A realidade é que o papa Jorge Bergoglio se transformou numa figura política de relevância internacional que participa ativamente da agenda política, introduz temas na mesma, e fixa posições a partir duma perspectiva católica, cristã, mas também humanista e interreligiosa. Para fazê-lo põe a ênfase na defesa do homem e da vida, e muito especialmente no cuidado dos pobres, dos excluídos, dos refugiados (“desplazados” – deslocados) de qualquer tipo. O cuidado das pessoas e seus direitos, é o ponto que conecta todas as preocupações. E seu slogan político são os três T: teto, terra e trabalho.

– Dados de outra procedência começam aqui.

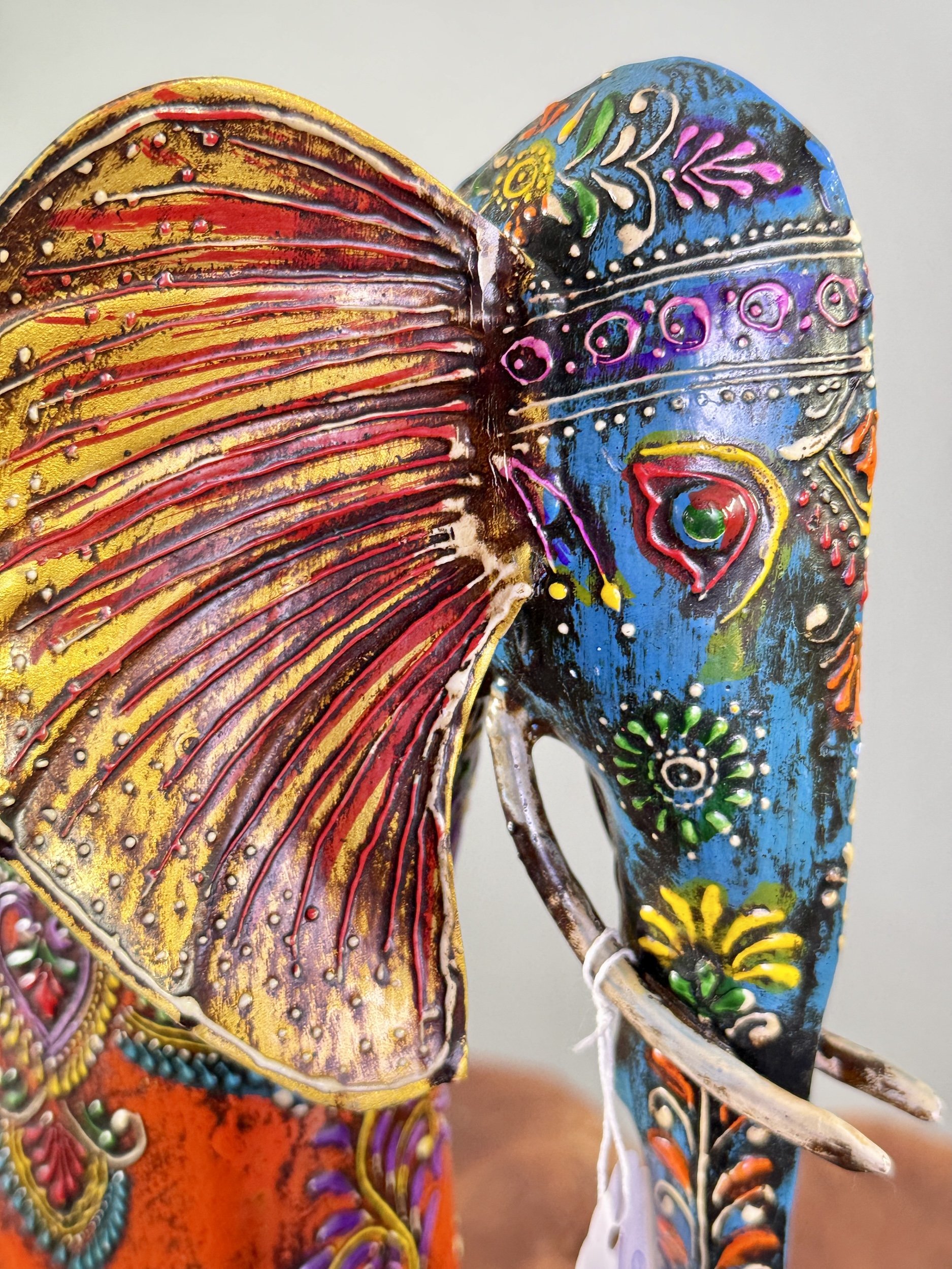 Tento menší, ale stejně působivý ručně malovaný slon z Indie v sobě spojuje tradiční řemeslné zpracování a výrazný estetický styl. Je vysoký 42 cm a je dostupný ve dvou barevných provedeních – se základní barvou červenou nebo oranžovou. Obě varianty jsou ručně dekorovány jemnými indickými ornamenty, které vytvářejí bohatý a pestrý dojem.

Pode ser prematuro falar de Francisco como líder mundial. Porém ninguém pode negar já sua incidência. Por méritos próprios para ler a conjuntura internacional e, a partir daí, interpretar qual pode ser o aporte da Igreja e o seu aporte pessoal. Mas ademais pela importância que a religião (as grandes religiões) jogam no concerto mundial ante o resquício que deixam as crises políticas e ideológicas.
Na Igreja
Dentro da Igreja Católica também há tremores de mudança. Muitos conservadores estão “decepcionados”. Provavelmente porque à luz de alguns antecedentes (dos papas anteriores e os de Bergoglio bispo) esperavam outro discurso e maior proximidade ao poder hegemônico. Não concebem uma Igreja que enfrenta o poder. Não dizem mas temem também o que chamam “relativismo doutrinal”, aludindo às aberturas de Francisco diante de temas que haviam sido tabú para a Igreja (aborto, diversidade sexual, matrimônio), ainda que o Papa até agora não tenha se movido um milímetro da ortodoxia doutrinal. O que mudou é a atitude pastoral pondo a ênfase na aproximação às pessoas concretas, a seus problemas e angústias.
No aparato da Igreja há os que se preocupam porque veem chegar ares novos que talvez os façam perder poder. Alguns, inclusive muitos bispos, preferem não se dar por inteirados de que algo está mudando ou que já mudou. Outros, ao contrário, assinalam que “até o momento Bergoglio não fez nada”, argumentando que fará verdadeiras mudanças quando se modifique a forma de governo e a estrutura de poder ainda vigente e se avance para uma condução colegiada. Para isso se necessitam iniciativas muito fortes de Francisco que, se bem deu indícios de caminhar nesse rumo, ainda estão longe de se concretizar. Os “progressistas”, para qualificá-los de alguma maneira, estão satisfeitos com a agenda de Francisco e seus pronunciamentos. Confiam em que se está produzindo uma mudança que, admiten, era inesperada para eles no momento em que Bergoglio iniciou seu pontificado. Basta escutar as lisonjas a Francisco de teólogos como Leonardo Boff ou Gustavo Gutiérrez.
Se sabe que os conteúdos não são separáveis das formas. Menos neste tempo em que a cultura da comunicação traduz tudo em símbolos, em gestos, em imagens. E Francisco apoia seu discurso numa gestualidade de proximidade, jovialidade, simplicidade e austeridade que repercute muito positivamente nas audiências em geral, católicas ou não. A tal ponto é assim que L’Osservatore Romano, jornal oficial do Vaticano, começou a publicar, pela primeira vez na história da Igreja, caricaturas do Papa. Como o fato de que o Bergoglio escolheu viver numa residência austera este também é um símbolo duma nova época.